## Provided data
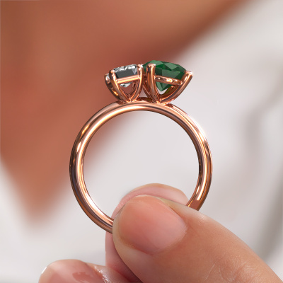 This 14 Carat rose gold ring is called Toi et Moi OVL-EME and is set with 9x7 mm emerald. What is it that makes your relationship unique? What is it about her that makes you want to bend down on one knee? The unique bond between the two of you is emphasized by an equally unique ring. A one of a kind charming 2 stone engagement ring made especially for her. That is why this exclusive ring fits her like a glove. Each specific detail of this charming rose gold emerald set engagement ring is hand-picked, crafted and polished by our expert goldsmith. The result is an exquisite ring, unique and perfectly crafted to perfection. That is what our expert Goldsmiths strive for. This jewel is made just for you, with attention to detail and design.After receiving your order, our goldsmiths will start the creative process of making your Toi et Moi OVL-EME engagement ring. We don't keep stock. This is advantageous because these costs will not be passed on to you. Therefore, we can offer jewellery at exceptionally low prices.Our team adds new designs to our online collection daily. Our designers and goldsmiths work together in creating the best design. We strive to offer a diverse collection of jewels. Perhaps you have a specific jewel design in mind. One you came across somewhere. Please contact us for a free consultation. We will make you an offer, based on a fair price/ quality ratio, that will baffle you.To make it easier for you, we offer a 30 day return policy. Check our terms and conditions.
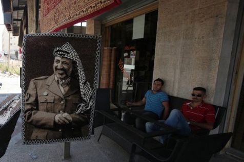 | Portrait du dirigeant palestinien Yasser Arafat dans un magasin de Ramallah. |
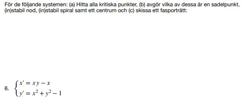 Hej! Jag har en till fråga. På denna tänkte jag att jag tar fram de kritiska punkterna med det(A-lambda*I)=0, undersöker dem med jakobinen. Dock är denna uppgift lite annorlunda från den förra och jag undrar om det är fasplansmetoden som skall användas? Jag testade den men jag kom inte längre än till att jag ställde upp dy/dx = (xy-x)/(x^2+y^2-1) då den inte är separabel. Vilken metod ska man egentligen använda?
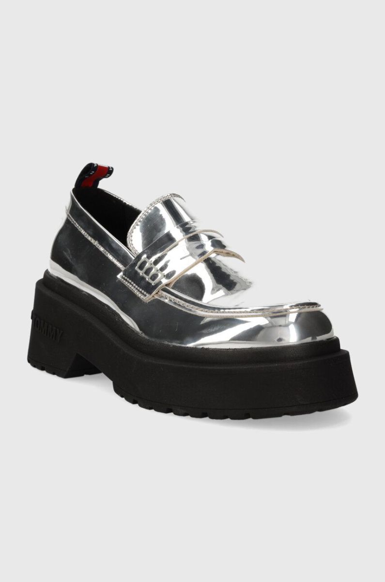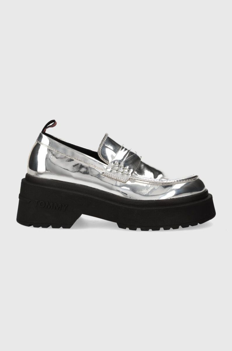 Мокасини Tommy Jeans TJW CHUNKY LOAFER METALLIC жіночі колір срібний на платформі EN0EN02321

## The problem
Above, find the line holding "de Ramallah. |" and the line holding "Hej! Jag har". Print exactly those two lines and every line between them, but no pictures.

## Output of the exercise
 | Portrait du dirigeant palestinien Yasser Arafat dans un magasin de Ramallah. |
 Hej! Jag har en till fråga. På denna tänkte jag att jag tar fram de kritiska punkterna med det(A-lambda*I)=0, undersöker dem med jakobinen. Dock är denna uppgift lite annorlunda från den förra och jag undrar om det är fasplansmetoden som skall användas? Jag testade den men jag kom inte längre än till att jag ställde upp dy/dx = (xy-x)/(x^2+y^2-1) då den inte är separabel. Vilken metod ska man egentligen använda?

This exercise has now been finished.